Any suggestions from owners for a shampoo/conditioner for a puppy who has slight dry skin? Something that’s been used and worked to hydrate and clean. Thanks!


----------



## sevans (Jul 18, 2021)

Moisturizing baby shampoo- if your pup gets it in his eyes- won’t sting. Super gentle. Might want to consider why his skin is dry and possible consult with your veyt or your breeder about diet or supplement? I use 500mg of wild salmon oil. (The “wild” is importsnt since farmed dfish can be full of who knows what).


----------



## Megora (Jun 7, 2010)

Basically nothing you can buy at the petstore or grocery store.  

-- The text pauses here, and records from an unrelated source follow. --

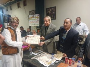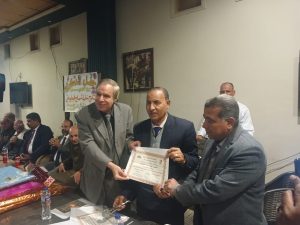 وفى الختام كانت كلمة الشبخ سامح ابومجيد الذى اعلن فى مفاجئة لأعضاء الشعبة ووفد النقابة ان اليوم هو عيد ميلاده وبداية مرحلة ربيع العمر فكان على الجميع ان يقدم له التهنئة داعيبن له بالعمر المديد وانهالت عليه التهانى والتكربمات فكانت شهادة التكربم الاولى له من النقابة العامة لانحاد كتاب مصر قدمها له الأستاذ زبنهم البدوى امين عام النقابة والكاتب ابو الفتوح البرعصى رئيس الشعبة وبهذه المناسبة تم تكريم كل من :– الصحفى الكبير التستاذ مصطفى خالد لدوره البارز فى دعم شعبة ادب البادية والتراث الشعبى .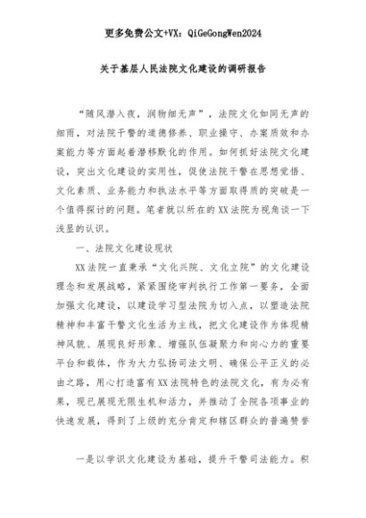 【七哥公文】2025年:关于基层人民法院文化建设的调研报告+更多免费公文+VX:QiGeGongWen2024+更多免费公文+VX:QiGeGongWen2024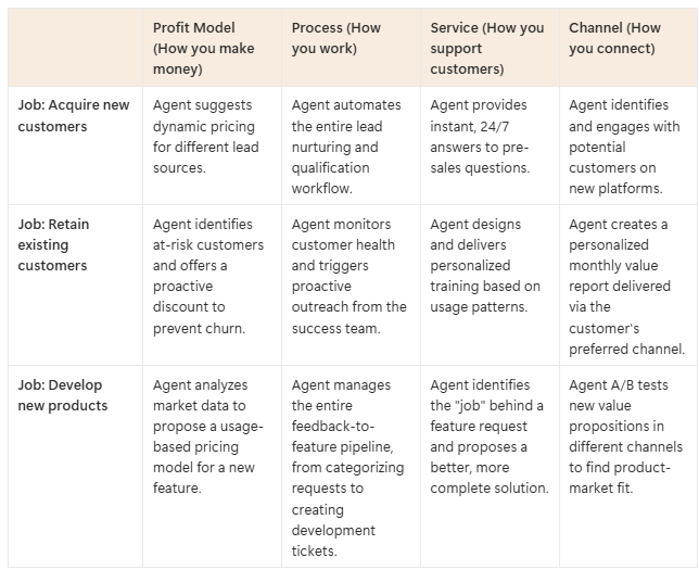 Imagine an agent tasked with the outcome of “improving customer success and retention.” It could innovate in multiple ways:

Pet Shampoos Plus Conditioners : Amazon.com: #1 All Systems Super Cleaning and Conditioning Pet Shampoo, 1-Gallon


Find #1 All Systems Super Cleaning and Conditioning Pet Shampoo, 1-Gallon and more at Amazon.com



www.amazon.com


----------



## Leonardo92 (Mar 7, 2021)

sevans said:


> Moisturizing baby shampoo- if your pup gets it in his eyes- won’t sting. Super gentle. Might want to consider why his skin is dry and possible consult with your veyt or your breeder about diet or supplement? I use 500mg of wild salmon oil. (The “wild” is importsnt since farmed dfish can be full of who knows what).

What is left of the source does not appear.